DATA FOR REVIEW Start Marker

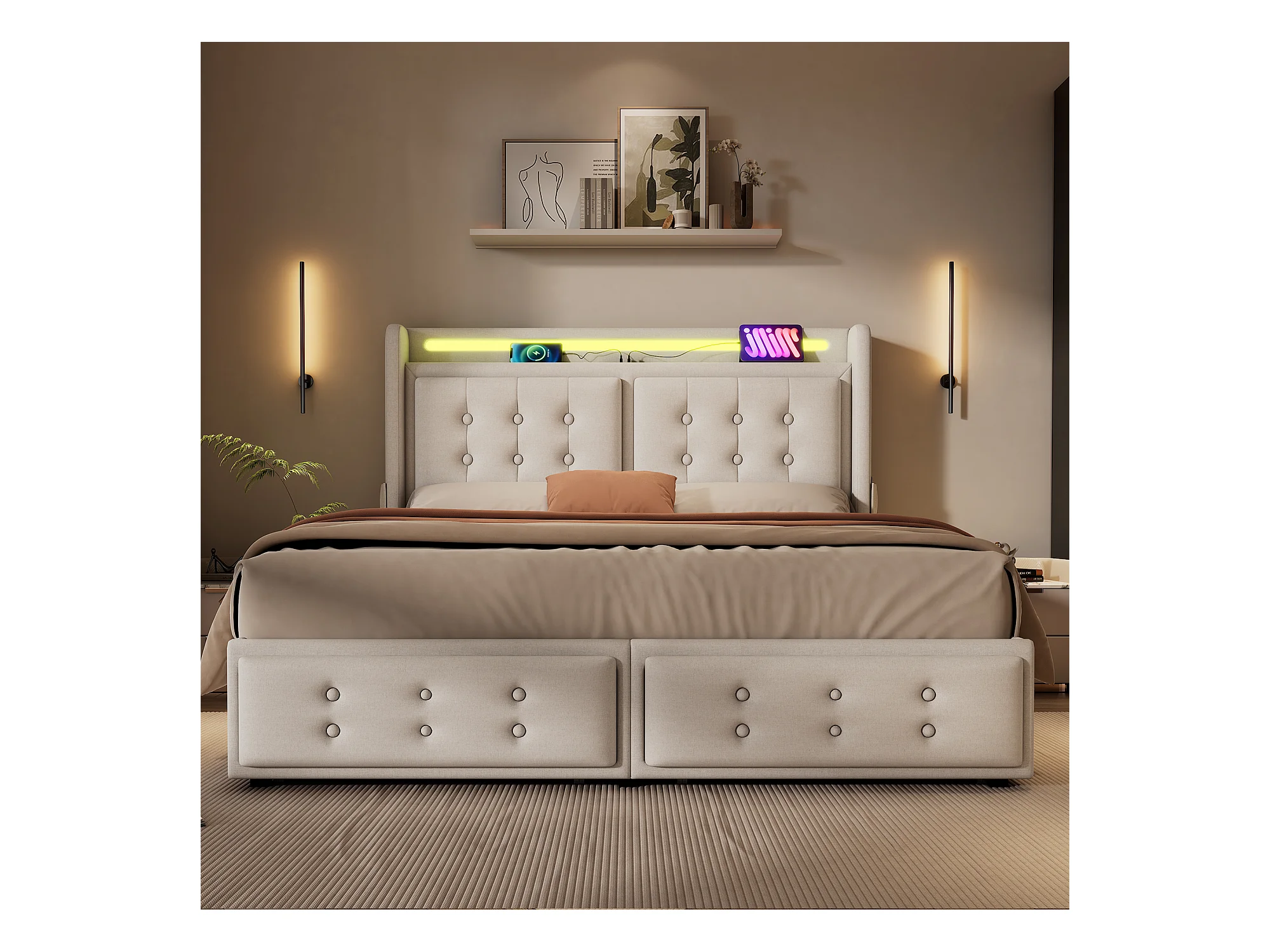 Lit adulte 180x200 cm - Lit double avec prise USB et LED - 4 tiroirs - Coton et lin beige
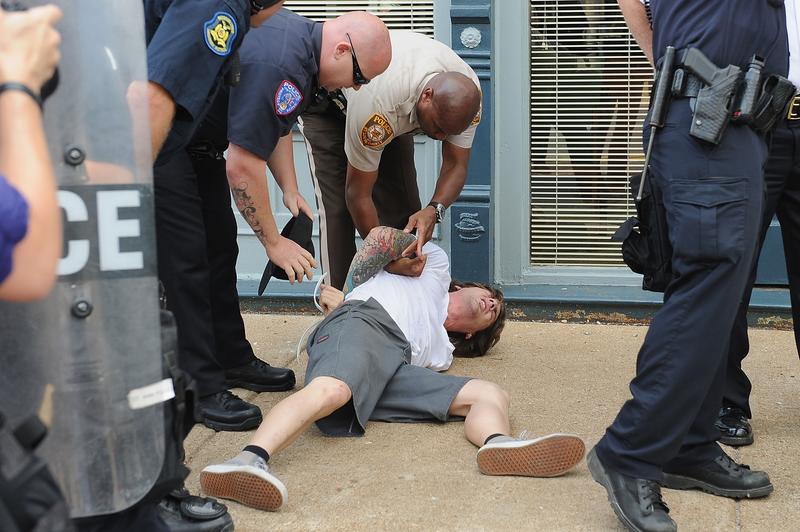 A man is arrested during a protest of the shooting death of 18-year-old Michael Brown outside Ferguson Police Department Headquarters August 11, 2014 in Ferguson, Missouri.
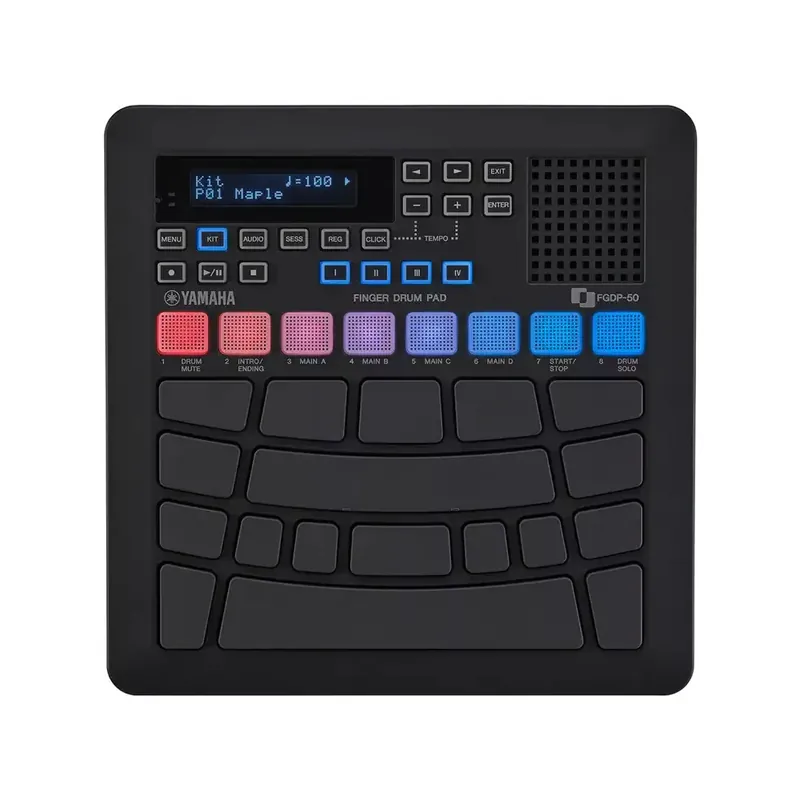 Ultimátní prstové bicí a perkusní padyYamaha FGDP nabízí ultracitlivé bicí pady v ergonomickém uspořádání, díky čemuž je toto zařízení ideální pro hru prsty. FGDP je navíc vybaven i tónovým generátorem, vestavěným reproduktorem nebo interní dobíjecí baterií. Díky těmto vlastnostem se jedná o nástroj typu vše v jednom, na který můžete hrát kdykoli a kdekoli. Rozložení padů je dokonale promyšlené a umožňuje tak hráči maximální výkon při bubnování prsty. Využívat můžete množství samplů od akustických bicích sad až po elektronické zvuky, které se skvěle hodí do jakéhokoli hudebního žánru.S FGDP máte jedinečnou svobodu přiřadit si zvuky k jednotlivým padům přesně podle své kreativní vize. Ideální způsob, jak rozehrát tyto perkusní pady je hra třemi prsty. Palec použijte na hraní basového bubnu a prostředníčky obou ruk hrajte hi-hat a snare. Díky ultimátní citlivosti jednotlivých padů budete moci bez problémů provádět jednou rukou všechny základní rytmy v osminových notách. Druhou ruku poté můžete využívat na hraní dalších symetricky rozmístěných padů a doplňovat tak základní hru o údery v šestnáctinových notách nebo dvojšlapkovém rytmu.Od běžných samplerů a MIDI padů se odlišuje FGDP právě rozmístěním, velikostí a dostatečným počtem jednotlivých padů, čímž se zařízení hodí perfektně pro prstové bubnování. FGDP je zkrátka uzpůsobeno pro nejlepší herní výkon.
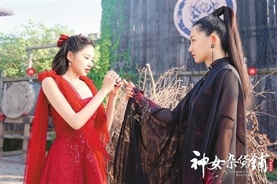 微短劇《神女雜貨鋪》中的數(shù)字人“果果”(右)與真人演員一起演戲。
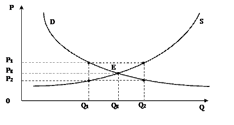 Если на отраслевом рынке правительство вводит налог на продажи, так пусть товар стоил 10 руб., то теперь его цена поднялась до 11, при 10% налоге на продажи. Здесь налог – добавка к цене. В состоянии равновесия QE
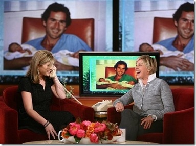Ellen: Look, we are showing a picture of you holding your daughters when they were just born. That's beautiful.
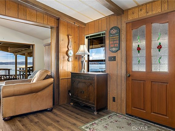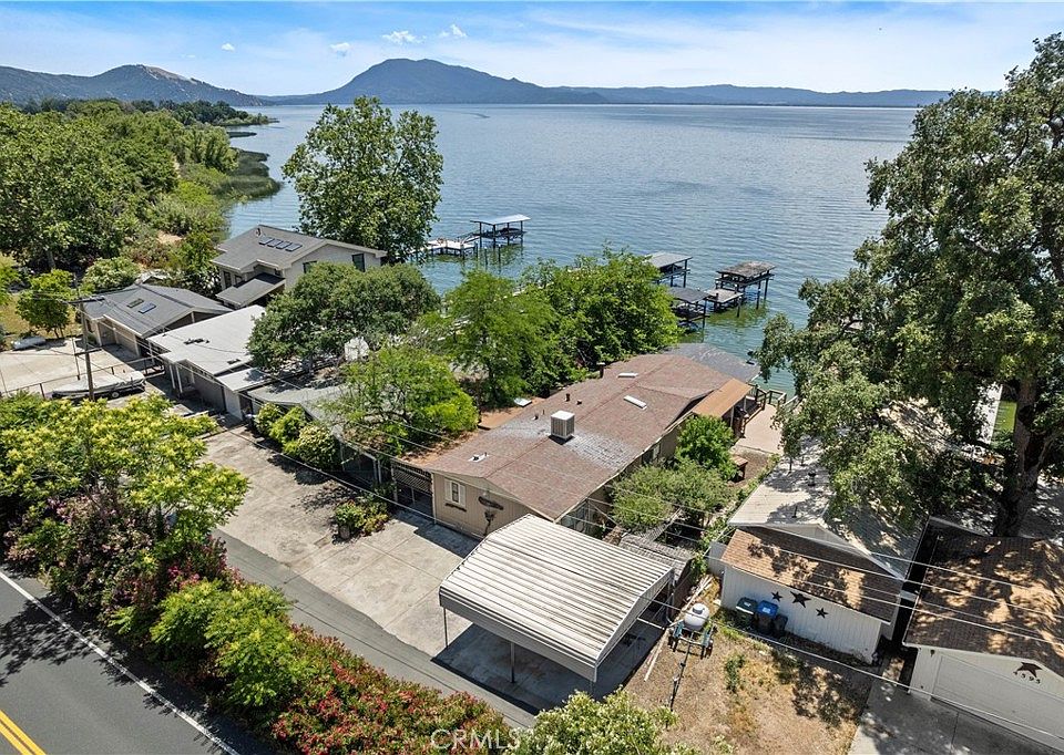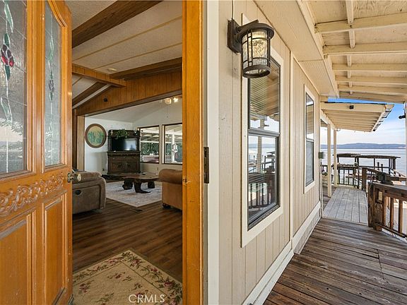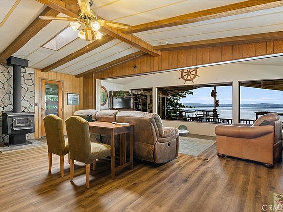 The Lake Escape! The perfect spot to get away on 50 feet of lakefront with pier and boat lift. Spacious 2 bedroom, 2 bath home has laminate flooring, freestanding wood stove, vaulted ceilings, laundry room, and a living room wall of windows with lake and mountain views. Extra space in primary bedroom could be separated to make a 3rd bedroom. Large carport, storage area, shed and paved driveway. But the best part is the covered, lake front deck and pier with covered patio and boat lift. A summertime fun spot!

DATA FOR REVIEW End Marker

EXERCISE GOAL » Where a picture appears, omit it; otherwise reproduce each line above from the first to the one with "A man is arrested", inclusive.

RESPONSE TO THIS TASK »
 Lit adulte 180x200 cm - Lit double avec prise USB et LED - 4 tiroirs - Coton et lin beige
 A man is arrested during a protest of the shooting death of 18-year-old Michael Brown outside Ferguson Police Department Headquarters August 11, 2014 in Ferguson, Missouri.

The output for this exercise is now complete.